Re: st: Stata (gllamm) benchmarks for different platforms?

From   Buzz Burhans <>
Subject   Re: st: Stata (gllamm) benchmarks for different platforms?
Date   Sat, 24 Apr 2004 19:26:51 -0400


Buzz Burhans or Fred Wolfe:
Would you be willing to post the small dataset and the Stata code
(perhaps just Program 1) that you used in these experiments so that
other Stata users could compare the speed of their Stata setups with the
above data?  This might provide some helpful information to users
contemplating hardware upgrades.

John Hennen

Dear John,
I will send you a copy of the .do file and the data we used. However, I have some reservations about posting this for general use related to the following concerns:

1. The dataset Fred and I used is a small extract from a similar dataset I worked on. Much of my work involves such small datasets of repeated measures observations, generated from animal science / nutrition experiments, the datasets are far smaller than what many/most of the statlisters work with. It was similar to some models I had previously run, but was not precisely either a complete dataset or an exact replica of any models I really ran. It was intended to be an informal comparison for Fred and I. I did not spend a great deal of time considering whether this data or the model were really an optimum basis for comparison; nonetheless because it is a reasonable mimic of other work I had done, we went ahead and used it, again, as an informal comparison.
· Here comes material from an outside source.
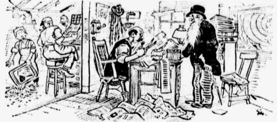
"Ther's th' Ole Chap With th' Greasy Stiff Hat an' th' Stained White Whiskers That Wants t' Look Thro' th' Exchanges for th' Dunkirk Standard."

"A Panhandle conductor has a tranquil existence when you figure up th' responsibilities of a regular editor. A editor must be a great diplomat."

If one were to establish a dataset for benchmarking, it probably should have more thought given to what would be make a really appropriate dataset and sample model(s), and what other information the log of such an exercise should capture and what one should report back from the exercise. I offer this to you without having spent a lot of time on these considerations. I found that similar informal comparisons were useful to me when I was considering whether and/or how to invest in hardware to address my desire to continue working with this data in Stata using -gllamm-. I very much appreciated the help I received (similar "benchmark" comparisons) in making those comparisons, and I think the ability to have access to a way to make such comparisons is indeed very useful for any of us when we are examining our own needs. However, if such a 'comparison' dataset and or .do file were to be used as more than just such an "informal" comparison there should probably be more effort made to ensure that the data, and the .do file are as appropriate and useful as possible. I think this is a very worthwhile thing to have available, and perhaps Stata Corp or someone else can suggest a protocol and/or a repository for such datasets, exercises, and resulting information. Nonetheless I offer the dataset and .do file Fred and I used, with the above reservations. It is obviously most useful for observing relative comparisons, so please let us know what you find out.

2. I indeed found the comparative information useful, in fact necessary, for making my last hardware decision. I'd like to reciprocate for the assistance and information I received and offer whatever similar help I can to others. I am concerned, however, that the resulting information not be misused in the sense that it not be used to provide a basis or fuel for bashing or trashing or uncivil negative attacks on any hardware or software providers. I have a minor concern that sometimes, in our passion and enthusiasm or sometimes frustration for our own preferences for hardware, software, perceived needs etc. we statalisters sometimes are a bit too vehement in our assertions and declarations about how things should be. Conditioned on the premise that it will not be so misused, and my above comments on reservations about it's appropriateness, I am happy to make it available. Given the policy of the statalist not to permit attachments, I will send both the .do file and the dataset to you privately in a separate email.

By the way, I am travelling for the first half of this week, and will be unavailable from very early Monday AM until the end of the week should you have questions about the data or the .do file.

Buzz Burhans

Following this exchange, we both ran a small dataset and the same .do
file which ran two almost identical calls to -gllamm-. The difference
between Program1 and Program2 is that the exact same model is run in
both cases, with the single difference being that in Program1 there are
2 level 2 random effects, and in program 2 an additional random effect
was added so there are 3 random effects.
And then later:

These were our results:
1) Both machines produced exactly the same numeric results for the
GLLAMM programs.
2) The Linux machine was faster.

Program 1
Linux                   Windows XP                  % Faster
 16.75                  25.51       minutes         29.0%

Buzz Burhans